The funny thing is, I absolutely HATE really dry anything.

I'm collecting all the information that I can on everything, and this is one of those things that I find to be very subjective between brewers. I'm going to starting my Holiday Mead soon and wanted to know 'about' where the FG would go if I let it ferment dry. Though, I will be backsweetening it before bottling.
Up to this point I had no idea that the FG could drop to .986!, so I think what I will do is to stabilize the mead once it reaches about .998 to hit my Target ABV, and because I wouldn't be able to even Taste the mead below that point, to me that dry is like drinking straight Diesel. (don't ask me how I know)

Jonas

#### Kershner_Ale

##### Well-Known Member
Isn't it funny how something not sweet to someone else is way too sweet for me? That's one of the beauties of making your own, I guess. I can my meads and wines dry (or off-dry at 1.000 which I also like at times, depending on the recipe) and others can give theirs a sweet finish and we're all happy.
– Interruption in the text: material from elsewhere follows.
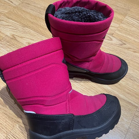 Kuoma lasten talvikengät, koko 27. Kengissä on painauma sisäpohjallisessa isovarpaiden kohdalla ja ne ovat olleet useammalla lapsella käytössä.
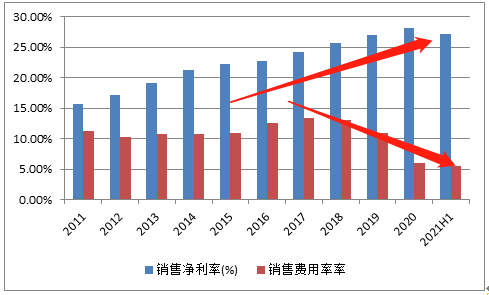 当渠道建立后,多品类扩张往往效率最佳。我们通过海天的财务数据得到验证,在渠道复用下,海天的相关费率呈现下降趋势,但是利润率却出现持续上升态势。如下图:

Yep, ain't that the truth. I was having a glass of my 2.5 yr old Apfelwein yesterday at 0.998 and I just couldn't finish it. Too dry for this kid. I finish most of my meads in the 1.015 - 1.020 range which suits my palate just fine. My wine drinking relatives think they're way too sweet. To each his own!

#### a10t2

##### Well-Known Member
A 30°P (1.129) must that was 100% fermentable would ferment down to about 0.970.

#### lumpher

##### Well-Known Member
a 1.008 wine? that makes me want to wash my mouth out with lemon juice. i like mine .998-.992 also

#### AZ_IPA

##### PKU
HBT Supporter
a 1.008 wine? that makes me want to wash my mouth out with lemon juice. i like mine .992 also

Haha.

I had a blackberry wine that finished at 1.010. Thought it would be perfect. It's way too sweet!

#### shanes66charger

##### Well-Known Member
haven't had a mead finish above one yet........all were .0990 or less.....i think a 1 gallon batch i made with some Hawaiin honey hit .0988 or less

i've used EC-118 for all but one so far!

##### Active Member
I had a mead that started at 1.100 finish below .980, the hydrometer just dropped a quarter inch below the surface, so I have no clue where it actually finished.

#### biochemedic

##### Supporting Member
HBT Supporter
I may be stating the obvious, but you can really never get down to the theoretical FG of the ABV percent-wise. All the hydrometer does is measure dissolved molecules/ions, and fermentable sugars are only a handful (albeit the most abundant) of the dozens or probably hundreds of other types of molecules/ions in solution in a must.

To add to the side discussion, I also generally prefer dry, but I've recently been starting to appreciate some lightly semi-sweet meads. I've found that my hop metheglins are really a bit nicer with a slight sweetness in the background, and I'm planning on backsweetening my cocoa mead just a little bit to balance the bitterness of the chocolate.